Transcribe all the lines below exactly. Omit the pictures.

START Available data

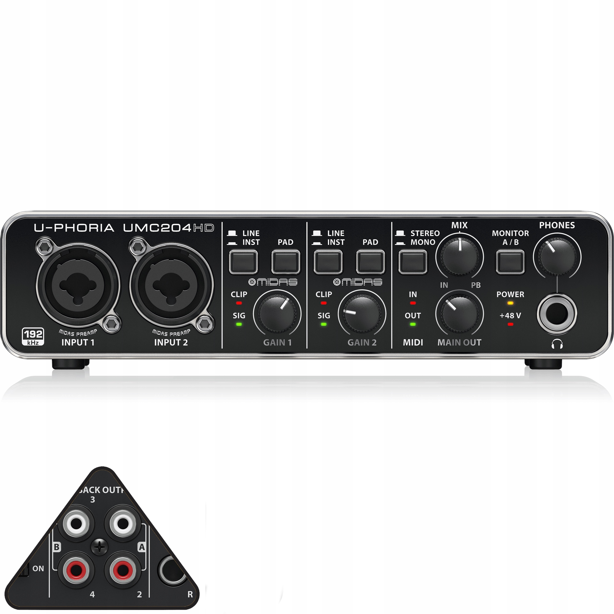 Behringer U-PHORIA UMC204HD – аудіоінтерфейс 2×4 USB 2.0, призначений для запису інструментів і використання мікрофонів у якості HD.
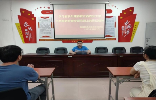 5月25日晚,电子信息工程学院在201会议室召开学习省长叶建春同志在江西农业大学形势报告会暨专题党课上的讲话精神研讨会,邹小金院长指出要深刻领会党课报告的深刻内涵,更加增强红土圣地的政治忠诚,更加增强开展主题教育的思想自觉,不负青春韶华,做有理想、敢担当、能吃苦、肯奋斗的新时代好青年。学院团总支书记许江表示:“省长叶建春同志在讲话中娓娓道来,深刻阐述了新时代中国的伟大变革和新时达江西取得的重大成就,让我感到深深自豪。十年来,我有幸亲眼见证了江西的飞速发展,作为一名基层团总支书记,我将以叶省长的报告精神为指引,不忘“立德树人”初心,牢记“为党育人、为国育才”使命,努力培养好堪当民族复兴大任的时代新人,为加快建设现代化江西而贡献力量。”
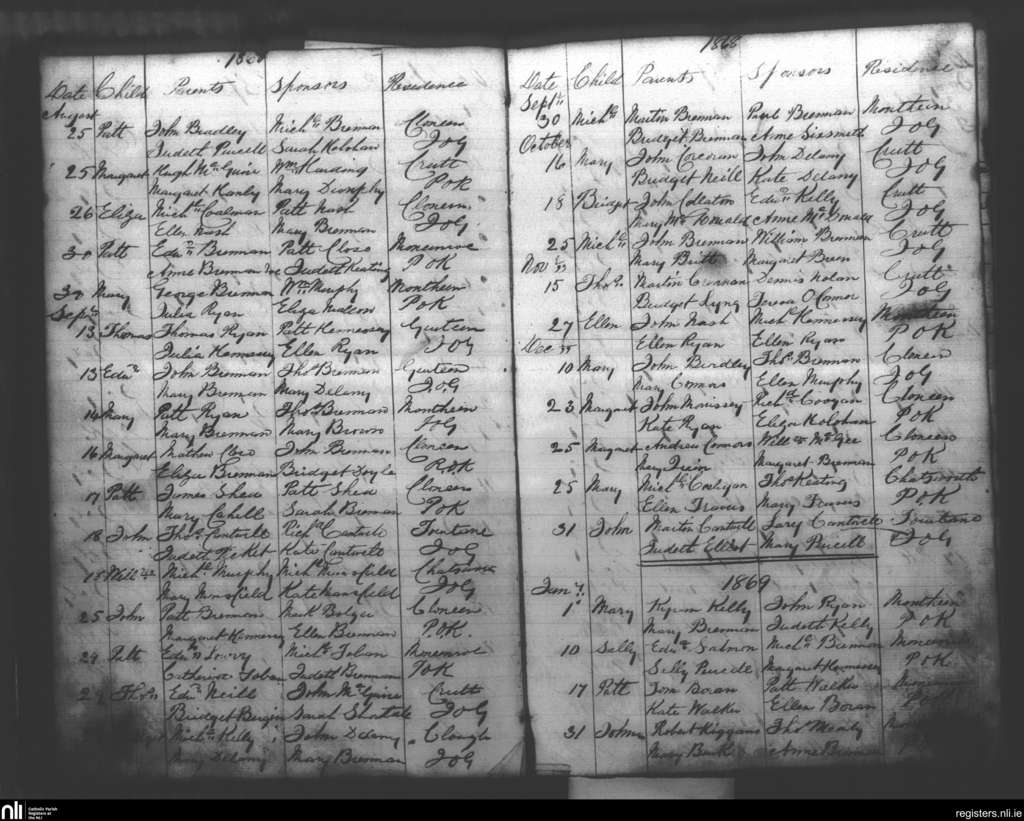 Clough; County of Kilkenny; Diocese of Ossory. Baptisms, Aug. 1868 to Jan. 1869

END Available data

Output below:
 Behringer U-PHORIA UMC204HD – аудіоінтерфейс 2×4 USB 2.0, призначений для запису інструментів і використання мікрофонів у якості HD.
 5月25日晚,电子信息工程学院在201会议室召开学习省长叶建春同志在江西农业大学形势报告会暨专题党课上的讲话精神研讨会,邹小金院长指出要深刻领会党课报告的深刻内涵,更加增强红土圣地的政治忠诚,更加增强开展主题教育的思想自觉,不负青春韶华,做有理想、敢担当、能吃苦、肯奋斗的新时代好青年。学院团总支书记许江表示:“省长叶建春同志在讲话中娓娓道来,深刻阐述了新时代中国的伟大变革和新时达江西取得的重大成就,让我感到深深自豪。十年来,我有幸亲眼见证了江西的飞速发展,作为一名基层团总支书记,我将以叶省长的报告精神为指引,不忘“立德树人”初心,牢记“为党育人、为国育才”使命,努力培养好堪当民族复兴大任的时代新人,为加快建设现代化江西而贡献力量。”
 Clough; County of Kilkenny; Diocese of Ossory. Baptisms, Aug. 1868 to Jan. 1869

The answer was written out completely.